(Data excerpts)
.....

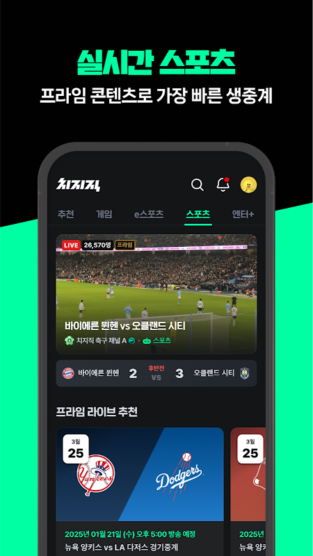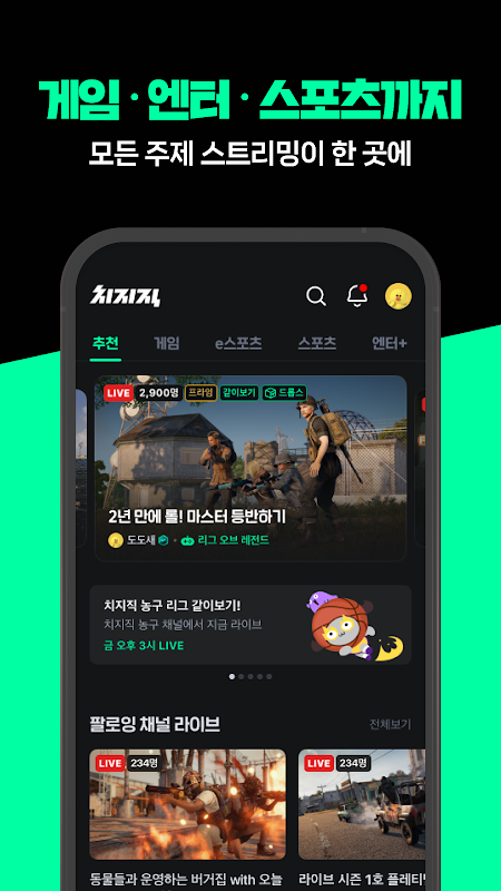 - e스포츠/스포츠/엔터 주요 방송 일정을 모아볼 수 있는 편성표 기능이 추가됐어요.
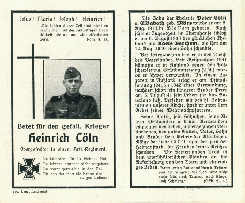| Obergefreiter Artillerie; Eltern: Peter Cöln und Elisabeth Mörs; ∞ 6.8.1938 Adele Berchem; 1K.; Gefallener 2. Weltkrieg |
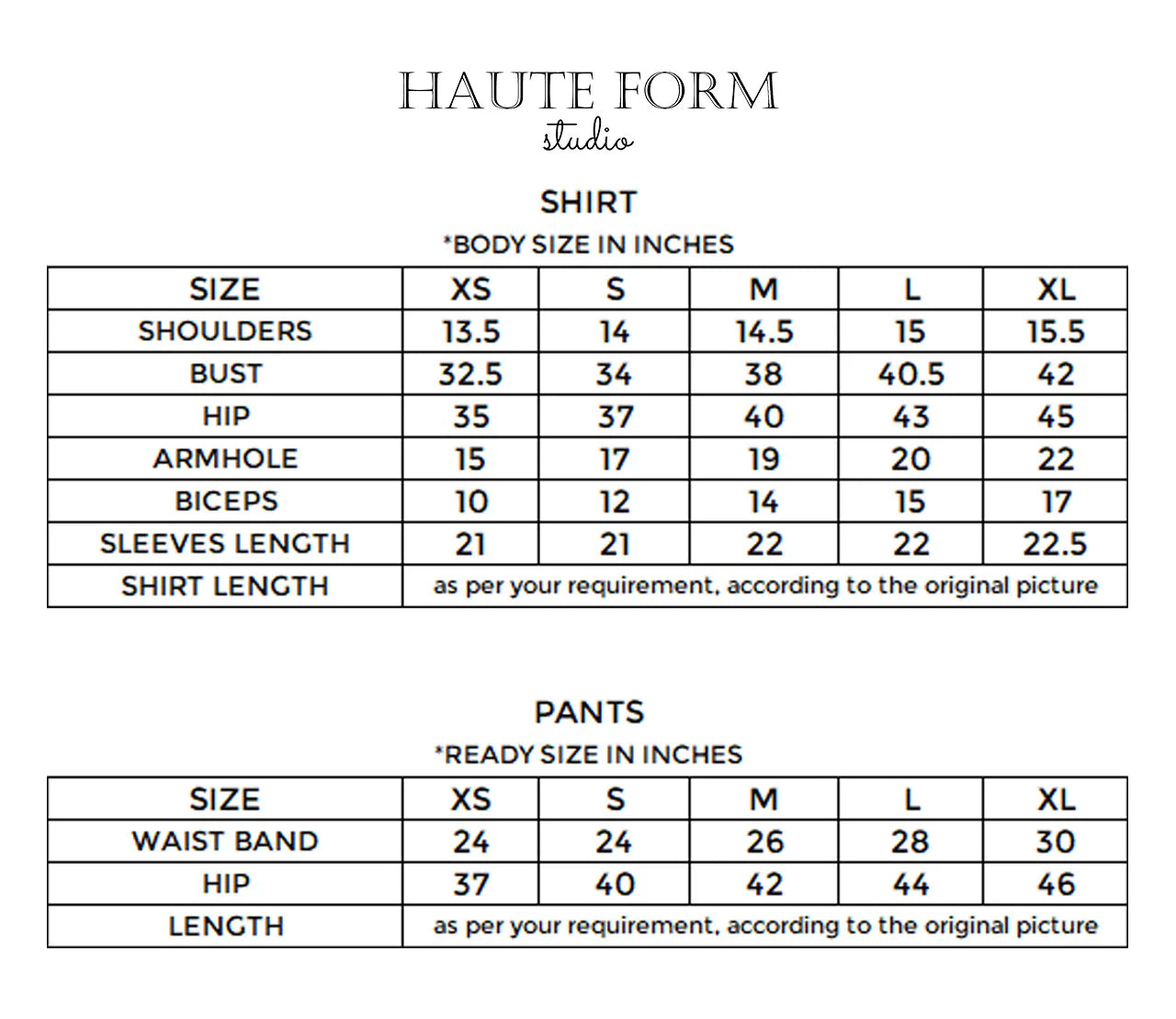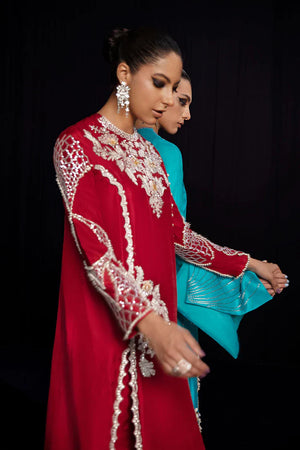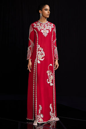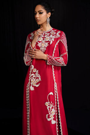 Long shirt in pure raw silk in ruby red color with embroidery in white thread and topped with heavy hand embellishment that includes pearls, Swarovski stones, dabka, 3d pipes, glittery gota pati. It is featured with two front slits in each panel showing off the plain red tailored cut bootcut pants. Focusing much on the details, slits have embellished borders too. Pants are made in pure Thai silk fabric. Sleeves have shiny sequined jaal with pearls outline.
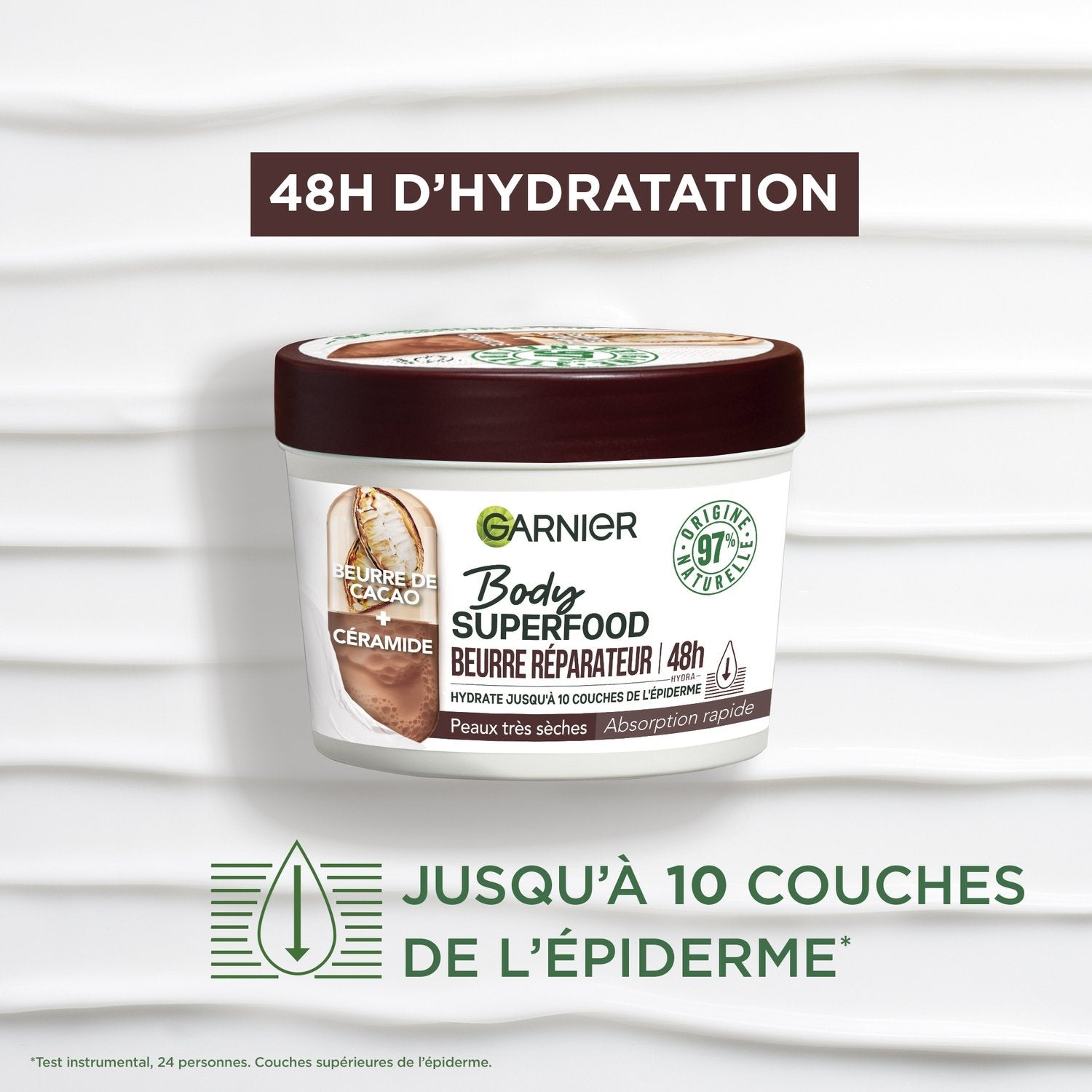 Découvrez le nouveau soin du corps Garnier Body Superfood ! 48h d'hydratation jusqu'à 10 couches de l'épiderme dans une formule à 97% d'origine naturelle, vegan et approuvée par Cruelty Free International. Hydrate 48h.
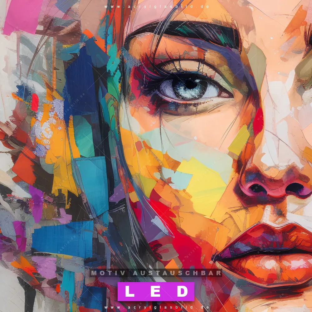 Mit unserem LED Acrylglasbild Canvalight® DIA Bunte abstrakte Schönheit und seiner genialen LED-Ausleuchtung wirst du nie wieder im Dunkeln auf deinem Sofa herumtappen. Wenn du nach einem beleuchteten Wandbild aus Acrylglas mit Kunst, Frau, Portrait, Gesicht, Mädchen, Dame, Acryl, Schönheit, Farbe für Wohnzimmer - Schlafzimmer, Bar - Gastronomie, Friseur - Beauty, Arzt - Praxis, Flur - Eingangsbereich suchst, ist unser LED Leuchtbild Buntes Gesicht einer Frau in den beeindruckenden Motiv-Farben Bunt genau das richtige beleuchtete Wandbild für dich. Gestaltet im Abstrakt, Modern Art Stil, passt dieses LED Wandbild mit DIA-Klapprahmen und glänzender Front aus Acrylglas perfekt zu jedem Einrichtungsstil – sogar zu deinem chaotischen kreativen Durcheinander!
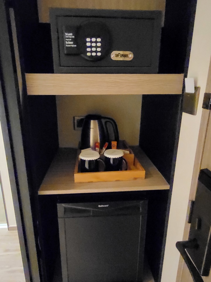 문 들어서자 마자 오른쪽으로는 미니 냉장고와 금고, 전기포트 등이 준비되어 있다. 생수는 2병 들어있는데 매일 새로 리필된다.

.....

Leave the pictures out and output all of the data verbatim.

Your solution:
 - e스포츠/스포츠/엔터 주요 방송 일정을 모아볼 수 있는 편성표 기능이 추가됐어요.
| Obergefreiter Artillerie; Eltern: Peter Cöln und Elisabeth Mörs; ∞ 6.8.1938 Adele Berchem; 1K.; Gefallener 2. Weltkrieg |
 Long shirt in pure raw silk in ruby red color with embroidery in white thread and topped with heavy hand embellishment that includes pearls, Swarovski stones, dabka, 3d pipes, glittery gota pati. It is featured with two front slits in each panel showing off the plain red tailored cut bootcut pants. Focusing much on the details, slits have embellished borders too. Pants are made in pure Thai silk fabric. Sleeves have shiny sequined jaal with pearls outline.
 Découvrez le nouveau soin du corps Garnier Body Superfood ! 48h d'hydratation jusqu'à 10 couches de l'épiderme dans une formule à 97% d'origine naturelle, vegan et approuvée par Cruelty Free International. Hydrate 48h.
 Mit unserem LED Acrylglasbild Canvalight® DIA Bunte abstrakte Schönheit und seiner genialen LED-Ausleuchtung wirst du nie wieder im Dunkeln auf deinem Sofa herumtappen. Wenn du nach einem beleuchteten Wandbild aus Acrylglas mit Kunst, Frau, Portrait, Gesicht, Mädchen, Dame, Acryl, Schönheit, Farbe für Wohnzimmer - Schlafzimmer, Bar - Gastronomie, Friseur - Beauty, Arzt - Praxis, Flur - Eingangsbereich suchst, ist unser LED Leuchtbild Buntes Gesicht einer Frau in den beeindruckenden Motiv-Farben Bunt genau das richtige beleuchtete Wandbild für dich. Gestaltet im Abstrakt, Modern Art Stil, passt dieses LED Wandbild mit DIA-Klapprahmen und glänzender Front aus Acrylglas perfekt zu jedem Einrichtungsstil – sogar zu deinem chaotischen kreativen Durcheinander!
 문 들어서자 마자 오른쪽으로는 미니 냉장고와 금고, 전기포트 등이 준비되어 있다. 생수는 2병 들어있는데 매일 새로 리필된다.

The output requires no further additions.